Неделю или две спустя пришла в Иркутск и совсем уж страшная весть — жена Трес­кина, уехавшая на воды, разбилась в дороге. По одной из версий, она была задавлена лошадьми уже мертвой: известие о назначении Сперанского заставило ее будто бы принять яд, и, чтобы скрыть это, и придумали разогнать лошадей. По другой версии, травиться Агнии Федоровне не было никакого резона. На водах, дескать, она была не одна, а «с другом сердца» — иркутским «королем» Кузнецовым (однофамильцем советника), богатым купцом, много сделавшим для Иркутска. Когда лошади понесли, Кузнецов каким-то образом сумел выскочить из кареты, губернаторша же вылетела из нее и, зацепившись платьем за колеса, разбилась о камни… Схоронили ее в пустынном селении, без отпевания.

По отзывам современников, Агния Федоровна была нравов не строгих.
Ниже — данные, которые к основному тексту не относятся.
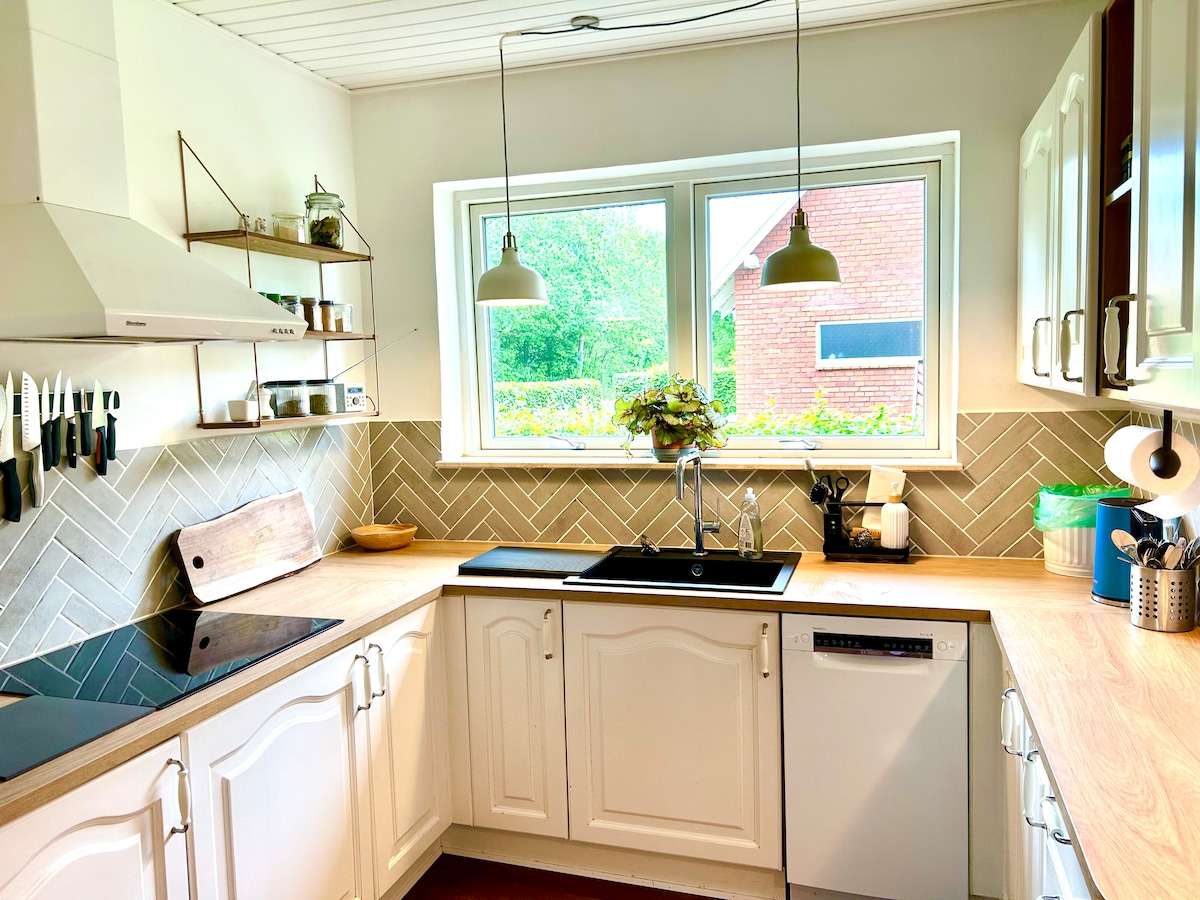 Lyst og varmt hus, 1.5 km fra Svendborg centrum. Masser af grøn areal og en god udsigt. Der er to etager og alle tre soveværelser er på 1. sal. Badeværelset er i stue etagen. Der er en sydvendt terrasse og direkte adgang til en offentlig park med legeplads. Det tager 7 minutter at gå til vandet hvor der er en badebro og omklædnings faciliteter. 5 minutters gåtur til en lille skov. Busstop 100 m. Kælderen er udlejet permanent med egen indgang dvs. at vaskemaskinen og tørretumbleren er fælles.

Окружавших ее молодых чиновников она называла ласково — «детками» и не стеснялась принимать их у себя даже в спальне. Никто так и не сумел доказать потом, что Трескин брал взятки, но жене его, «Трещихе», по ходившим в то время слухам, надо было обязательно «поклониться»! Женщина чрезвычайно домовитая, она вроде бы задалась целью собрать для каждого из своих восьмерых детей «по пуду ассигнаций». В передней дома у нее был даже посажен особый лакей, записывающий, кто что принес (купцов с кульками и со свертками). Сбывала такие подношения Агния Федоровна в Гос­тином дворе, где на подставное лицо она держала лавку.

Привечая одних, Агния Федоровна нередко была жестокосердна к другим. Вспоминали в связи с этим случай с одним из чиновников. Прогуливаясь «в подпитии» по Иркутску, он осмелился выказать губернаторше пренебрежение: повернулся к ее карете спиной. Расплата последовала незамедлительно: чиновника исключили со службы, оставив без средств к существованию. Он запил, а потом и вовсе исчез из Иркутска. Несчастная мать его, встретив Агнию Федоровну, будто бы и напророчила ей: «Умрешь ты страшною смертью. И похоронят тебя в пустыне без отпевания». Сбылось!..

Нижнеудинский испpавник Лос­кутов, у которого грехов было поболее, чем у советника Кузнецова, при известии о грядущей ревизии топиться не стал, а отобрал у людей по всему уезду бумагу с перьями: мало ли что надумают написать. Подготовившись так, он отправился навстречу Сперанскому, рассчитывая, что в его-то присутствии никто не осмелится жаловаться. Однако и бумагу нашли, и осмелились. Какие-то два старика, выбежав из леса на дорогу, исхитрились подать Сперанскому прошение. Когда он, в присутствии самого Лоскутова, велел читать его вслух, старики упали на землю, думая, что не сносить им теперь головы. Так и лежали ничком, пока силой их не подняли. Растолкованное им решение Сперанского об отрешении исправника от должности добило стариков окончательно. «Не губи ты себя, — стали они умолять Сперанского, — ведь это Лоскутов!»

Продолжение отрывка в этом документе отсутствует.